Beyond the numbers, there are subtle ways gun violence has become normalized. This can be seen in the little white box installed in most rooms at Loyola designed to secure the door against a threat or in the 550 Stop the Bleed Kits Chicago installed in public buildings in 2022. It can be seen every time you enter a venue with a clear bag policy and walk into a business with a sticker on the door prohibiting firearms.
Whether we realize it or not, the threat of gun violence has permeated everything we interact with on a daily basis.
Gun violence at this scale isn’t normal. We aren’t being invaded by a foreign power, we aren’t involved in a civil war of some sort and, to the best of my knowledge, society hasn’t collapsed. This amount of violence in what is supposed to be an “exceptional” nation shouldn’t be normal at all. Yet it became an important part of my youth.
I distinctly remember when my schools strengthened security measures in light of this threat. In the aftermath of the Sandy Hook shooting in 2013, the Catholic school I attended reduced the number of usable entrances to one and put a locked door between where classrooms were and the rest of the school. In high school, after the Parkland shooting in 2018, an armed guard was hired to protect the school in the event of an attack.

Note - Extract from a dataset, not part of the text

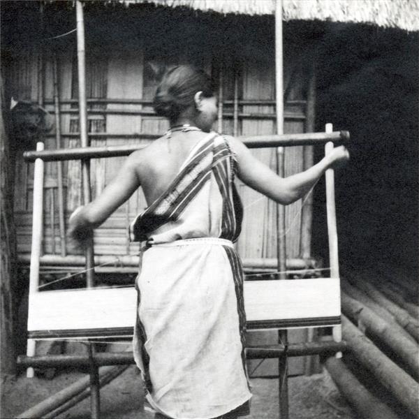 | Femme debout devant une maison, enroulant du fil de chaîne autour d'un cadre pour préparer son tissage |

It seems as though those who will have to respond to the act of violence are the only ones doing anything about it. The tactics employed by law enforcement, fire/EMS, educators and local community leaders are constantly evolving to try and save more lives when there’s a major shooting.
While these actions are heroic and deserve praise, there should be an equal amount of anger for the fact that more drastic actions haven’t been taken. Examining how other countries react to gun violence proves there are ways for things to get better.
In the immediate aftermath of two mass shootings in Serbia which left 18 people dead, Serbian citizens willingly surrendered over 100,000 unregistered guns in 2023, according to Radio Free Europe/Radio Liberty. In New Zealand, 50,000 guns were collected in a buyback program initiated after 51 people were killed in a mass shooting at two mosques in 2019, according to the Associated Press.
I could go on seemingly forever about what other countries have done to stop gun violence, but those points have been said much more eloquently by others.
To go back to the initial impetus for this piece, why bother publishing anything in the first place?
Because I’m tired of this. I’m tired of feeling the same fear for my teacher mother as I did for my soldier father. I’m tired of seeing my fellow student newspapers have to publish heartbreaking editorials after someone opened fire on their campus. I’m tired of carrying a tourniquet in my camera bag when I cover protests because I’ve been taught you have to assume everyone is armed.
I could propose specific policies about how to fix this problem but I’ve lost the energy to even try. Nothing changed after Vegas, Parkland, Pulse, Sandy Hook, Uvalde, Virginia Tech, Michigan State or any of the others. If the list of people killed and places forever associated with gun violence hasn’t led to serious action yet, then nothing will.
Still, despite knowing there’s no way this could change, I just want to scream that this is not normal.